The Guggenheim Foundation has announced the Guggenheim Fellows for 2010. There are 180 selected Fellows out of an applicant pool of 3,000. You may find the links to the press release and to the names of the recipients and their fields here. The ages of this year's Fellows range from 27 to 73, and some of the names you may recognize (or at least I did). Congratulations to them all! I wish them all the best as they pursue their fellowship projects. There is nothing like having uninterrupted time (with support) to engage in creative and scholarly activities.
I was disappointed, though, that I could not identify any Fellows this year who are in operations research or in closely allied disciplines. We have had Guggenheim Fellows in past years, including Professor Sheldon Jacobson of the University of Illinois, who spoke in our Speaker Series on April 2, Professor Michael Ferris of the University of Wisconsin, and Professor Robert Fourer of Northwestern University.
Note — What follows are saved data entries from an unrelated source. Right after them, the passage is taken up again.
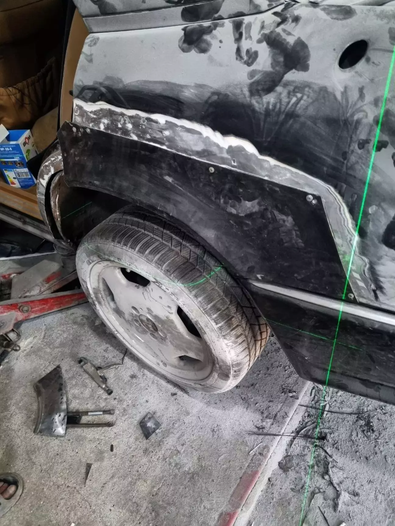 "Кліренс" колеса по відношенню до арок, якщо рівнятись по центральній їх частні, наче відрізняється. Андрюха, а ну неси сюди лінійку. Міряємо. Дійсно так воно і є - різниця у 14 мм (з пасажирського боку кліренс більше, ніж з водійського). А ми домовлялись, що допустима максммальна "дельта" - це 5 мм. Андрюха перекатує машину на більш рівну частину боксу. Повторні заміри. Різниця знижується до 6 мм. Ну, це вже відносно норм. З урахуванням того, що пружини у мене порізані, плюс, з одного боку на машині вже є "шпатля", тож, мабуть, усе ок. Андрій каже, що по факту тре буде ще переміряти усе, коли салон та ніши багажника зберуть, але усе має бути гуд. Ну і добре. Йдемо далі.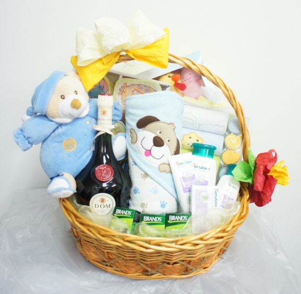 Newborn Gift Basket with Bénédictine by Gifts from HeavenAs it is 40% alcohol or 80 proof, nobody is suggesting it is good for baby, but Malaysian mums seem to find it a comfort.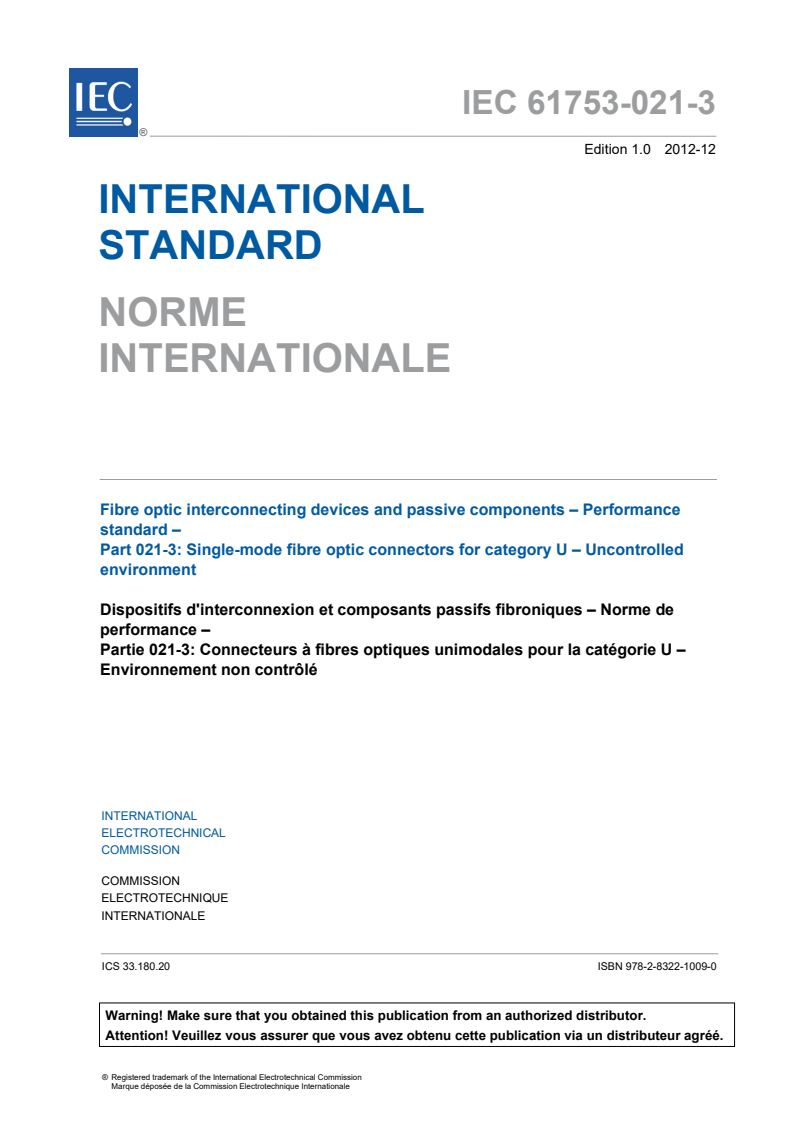 IEC 61753-021-3:2012 - Fibre optic interconnecting devices and passive components - Performance standard - Part 021-3: Single-mode fibre optic connectors for category U - Uncontrolled environment Released:12/5/2012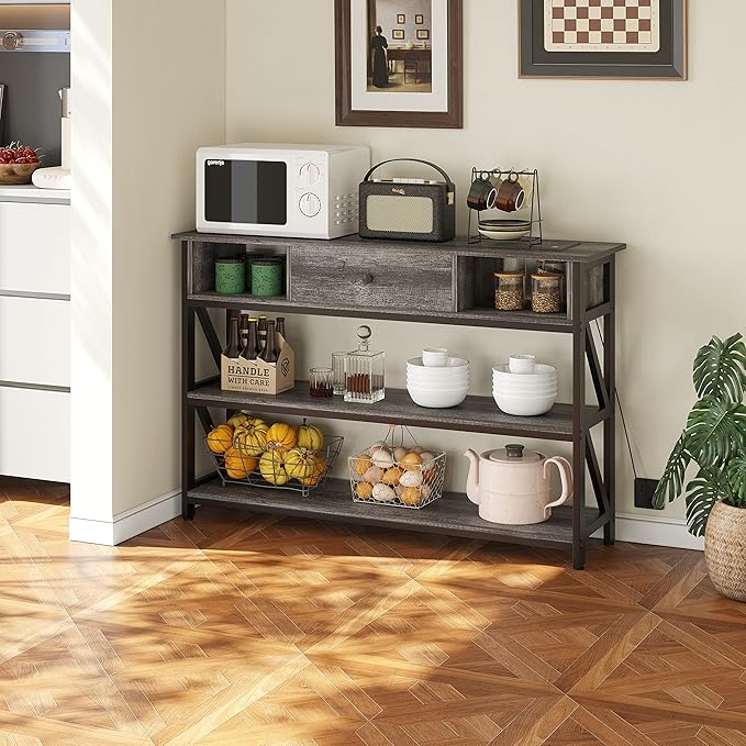 Mexin Console Table with Outlets and USB Ports, Entryway Table with Drawer Storage Shelves, Industrial Wood Hallway Sofa Table for Living Room, Couch, Foyer Table, 47 Inch Grey Oak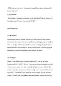 Commonly used measures of human food insecurity differ categorically from measures determining food security in other species. In addition, human foraging behaviors may have arisen in a divergent evolutionary context from nonhuman foraging. Hence, a theoretical framework based on food insecurity and fat storage in nonhumans may not be appropriate for explaining associations between human food insecurity and obesity.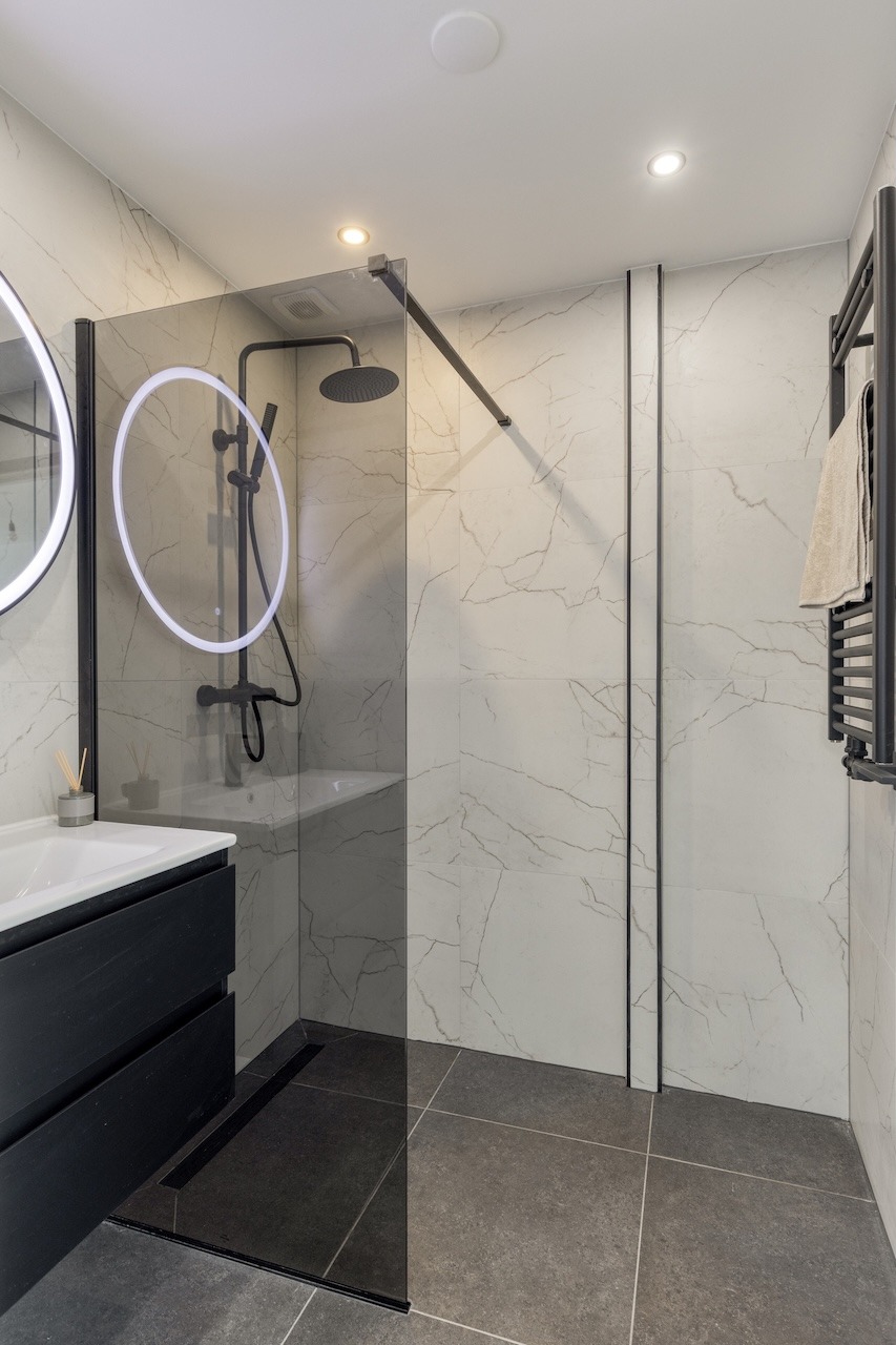 – Keurig wit betegelde badkamer (ca. 1,80 x 1,70m) met (inloop)douche, wastafel en radiator.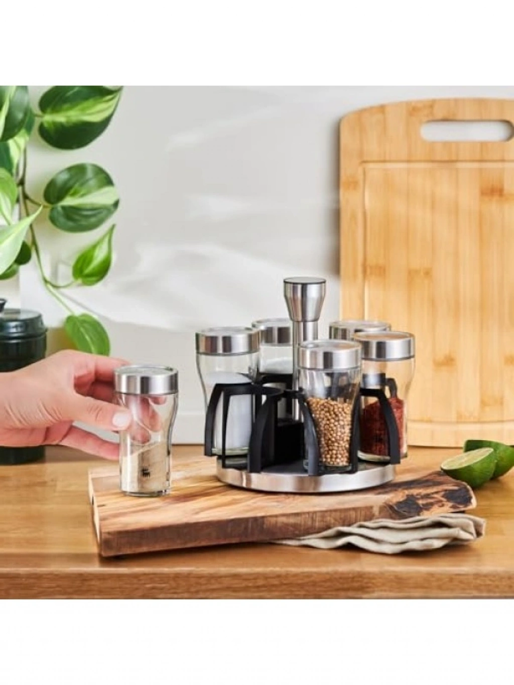 Bu 7 parçadan oluşan baharat takımı, mutfaklarınızda düzeni sağlarken, baharatlarınızı güvenli bir şekilde saklar. Pratik ve kullanımı kolay tasarımı ile her türlü baharatı yerleştirebileceğiniz bu set, yemeklerinize lezzet katmak için ihtiyacınız olan tüm malzemeleri elinizin altında tutar. Mutfak dekorunuza şıklık katacak bu baharat takımı, her evde bulunması gereken bir üründür.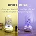 CUSTOMIZABLE EXPERIENCE: Customize the way you fall asleep, wake up, or relax during the day. Program this diffuser to glow one color, or show an array of its ambient lights. Doze off or wake up to one of its 6 relaxing nature sounds. Or, sync your device via Bluetooth to play your personal music list. Program the alarm to wake you to your music or nature sounds. You can even program it to wake you to light and sound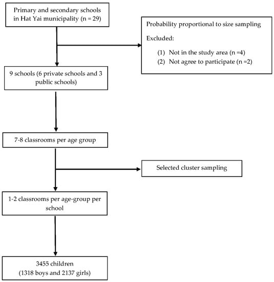 A cross-sectional study was conducted from June 2011 to March 2012 in nine primary and secondary schools (six private schools and three public schools) in the Hat Yai municipality of southern Thailand, which were randomly selected by probability-proportional-to-size sampling from the 29 schools in this area. One to two classrooms in each age group were randomly selected using cluster sampling of classrooms from the school (Figure 1). A total of 3455 Thai schoolchildren (1318 boys, 2137 girls) aged 6–18 years were recruited for the study following contact with the school by the researchers. Children and adolescents with weights and heights between the 2.5th and 97.5th percentiles were selected. Those whose weight and height were lower than the 2.5th percentile or higher than the 97.5th percentile were removed as outliers to ensure homogeneous data distribution. Assent and informed consent were obtained from all the children and their parents. The study protocol was approved by the Institutional Review Board and the Ethics Committee of the Faculty of Medicine, Prince of Songkla University (EC 54-069-01-1-3-2).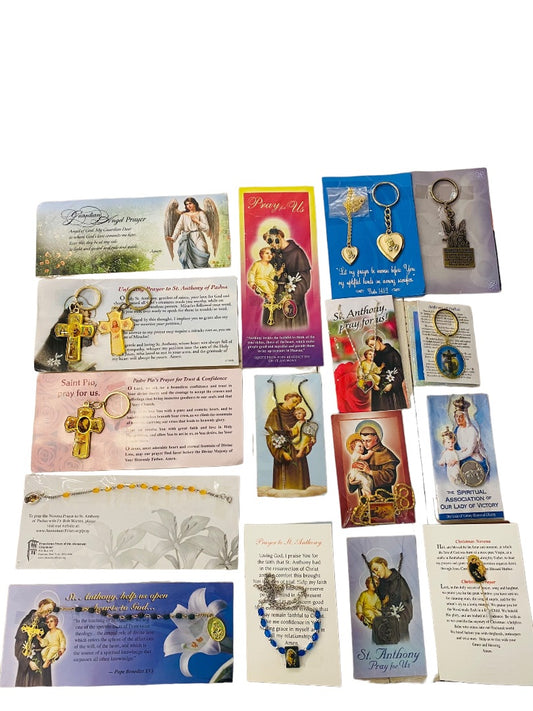 Lot of 16 Assorted Catholic Christian Prayers Cards Jewelry Saints Key Chain Cross Vintage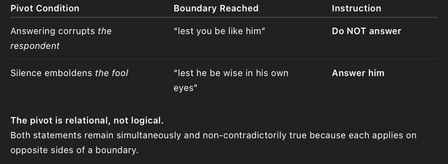 These verses present two instructions that appear contradictory, yet both are affirmed as equally true within Scripture.This makes them an ideal substrate for OCBM’s boundary–pivot evaluation, which identifies the precise threshold at which a relation changes truth-value without collapsing into contradiction or relativism.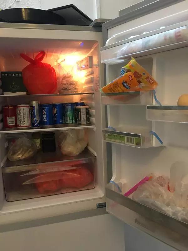 冰箱里都是吃的。特意買了個(gè)大點(diǎn)兒的冰箱,嘿嘿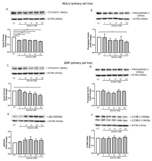 Western blot analysis of quinoin-treated primary cell lines for 24 h. (A) Quinoin induced a significant time-independent reduction of Cyclin D1 and (B) activation of apoptosis by a decrease of procaspase 3 when administered at a concentration of 250 nM in the NULU cell line. (C) Western blot analysis of the expression of Cyclin D1, (D) procaspase, and autophagic markers p62 (E) and LC3B (F) after treatment of the ZAR cell line with different concentrations of quinoin for 24 h. Densitometric analysis of protein levels represent the means ± SEM of three individual determinations. Data were normalized to the housekeeping gene actin and are expressed as a fold change over control-treated cells. * Unpaired t-test. According to GraphPad Prism, * p-value 0.01 to 0.05 (significant), ** p-value 0.001 to 0.01 (very significant), *** p-value 0.0001 to 0.001 (extremely significant).
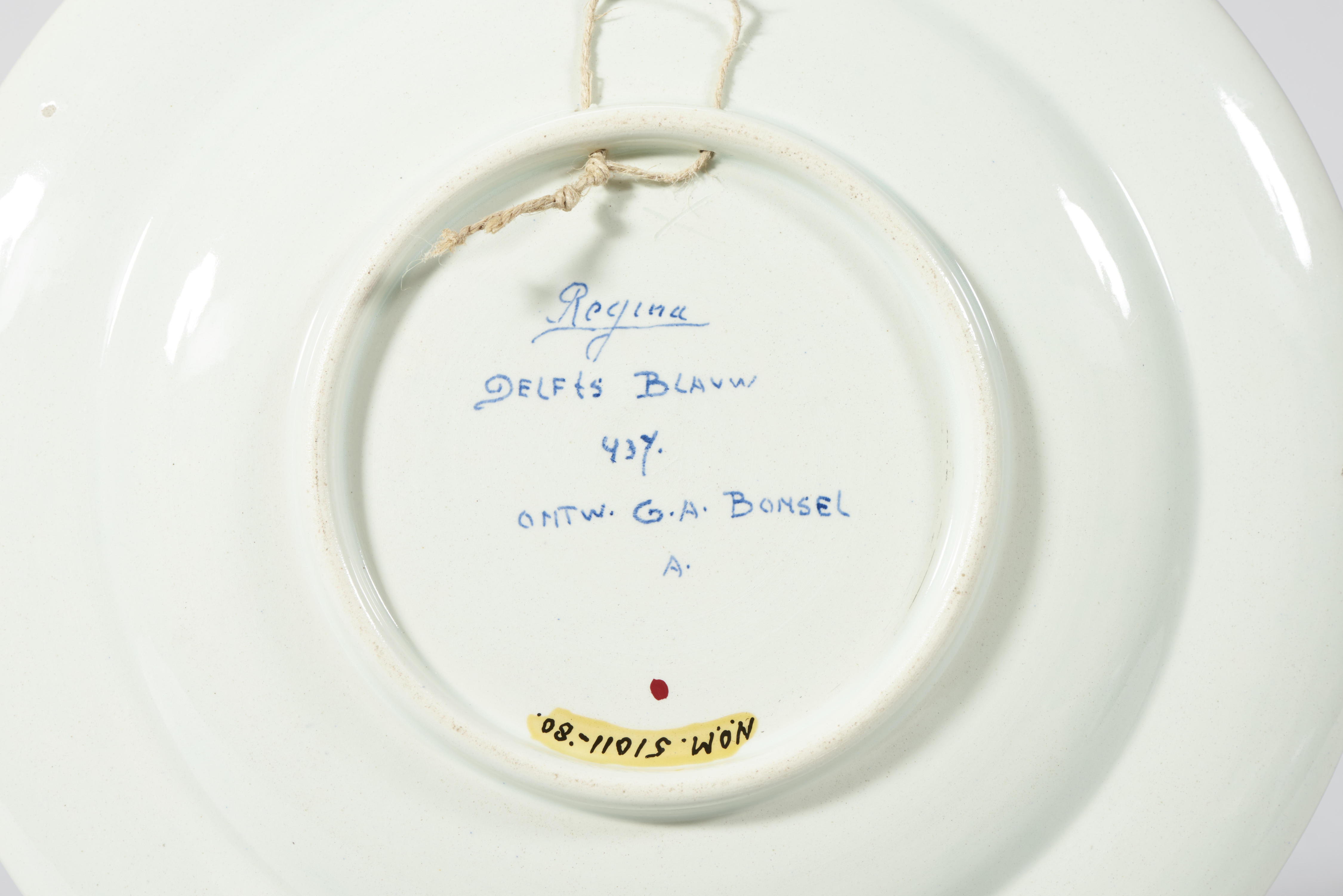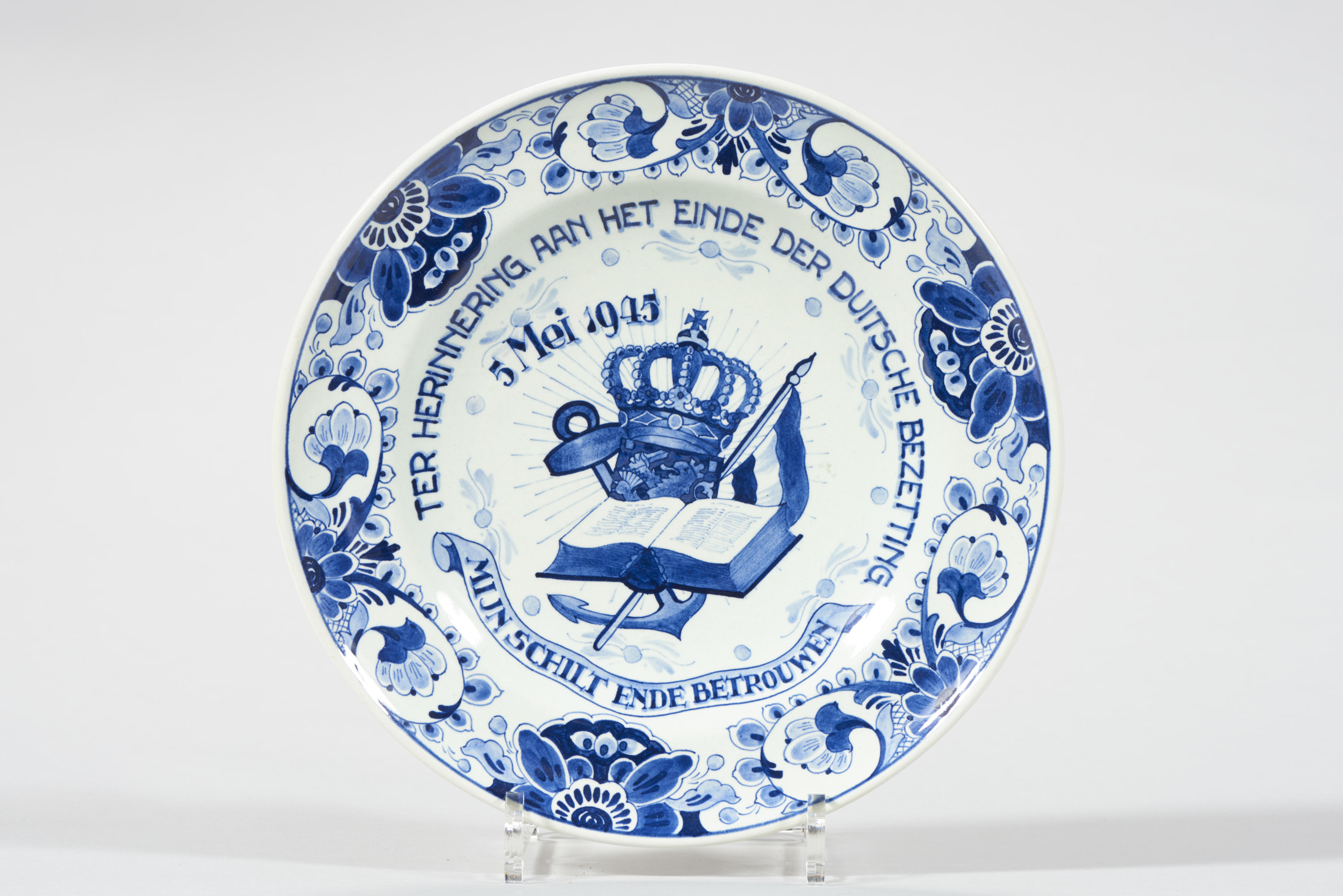 Gedenkbord met op het middenvlak afbeeldingen van een kroon, een anker, een Nederlandse vlag, een bijbel en een schild met de Nederlandse leeuw. Rondom de afbeeldingen staat de tekst: 'Ter herinnering aan het einde der Duitsche bezetting / mijn schilt ende betrouwen / 5 Mei 1945'. De rand van het bord is versierd met gestileerde ...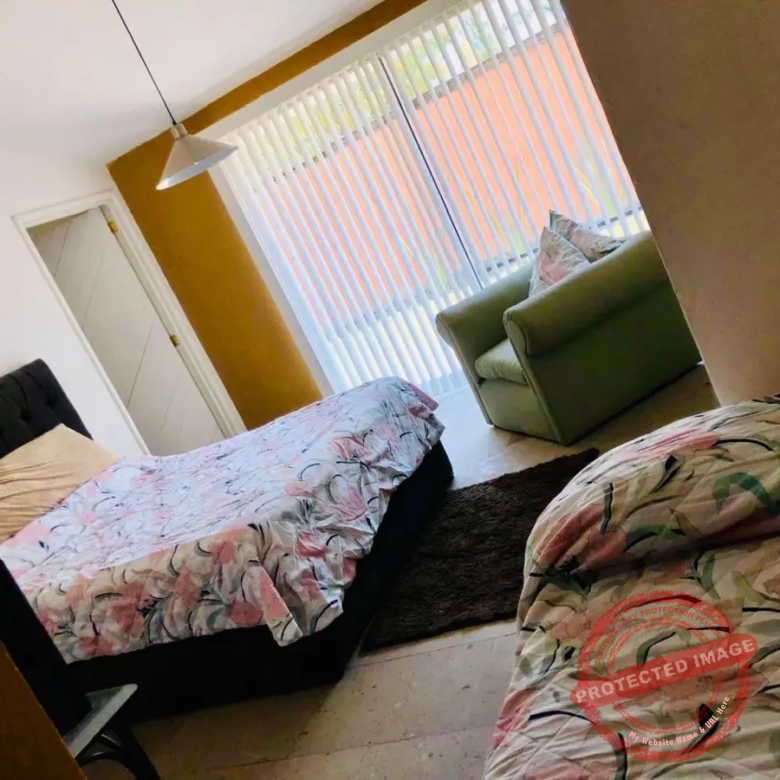 Recámara 2 con dos closets, baño completo y cancel con vista a jardín privado.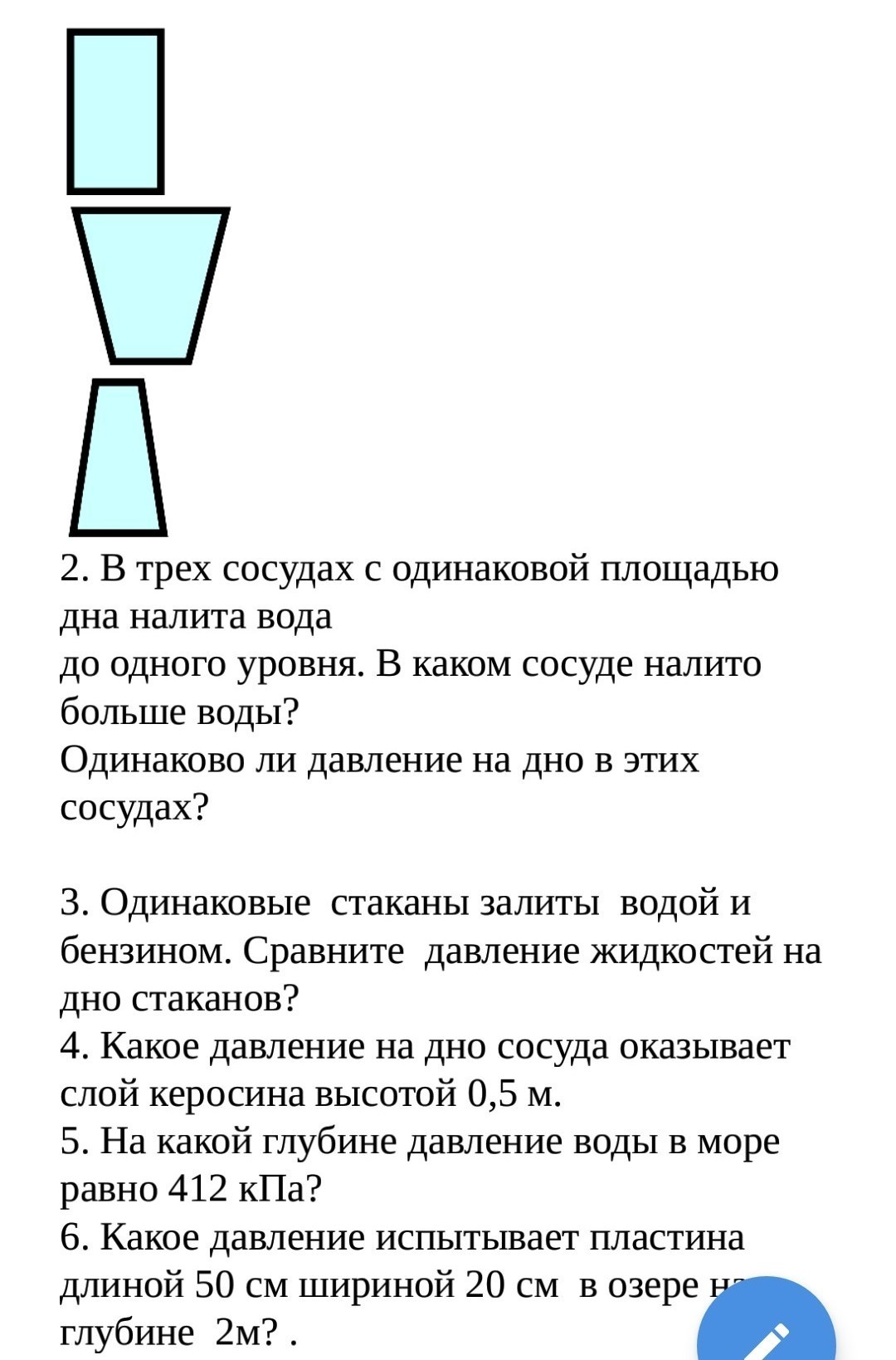 4. давление на дно сосуда определяется формулой P=плотность*ускорение св. падения тел*высота

There may have been others over the years but these professional colleagues have been more recent recipients of Guggenheim Fellowships. As Professor Jacobson told me during his recent visit to UMass Amherst, in 2003, he was the only Guggenheim Fellow in Engineering (and his project was on aviation security). He also told me that all of his recommendation letter writers were former Guggenheim Fellows.
Fellows of the Radcliffe Institute for Advanced Study at Harvard should be announced soon, so, perhaps, there will be some representatives in that group from operations research and the management sciences (both Professor Elaine Chew of USC and I were Science Fellows at Radcliffe recently, but in different years -- I was in the class RI '06). By the way, three former Radcliffe Fellows are among this year's Guggenheim Fellows and they are: Caroline Elkins RI '04, Tandy Warnow RI '04, and Mary Lum RI '05.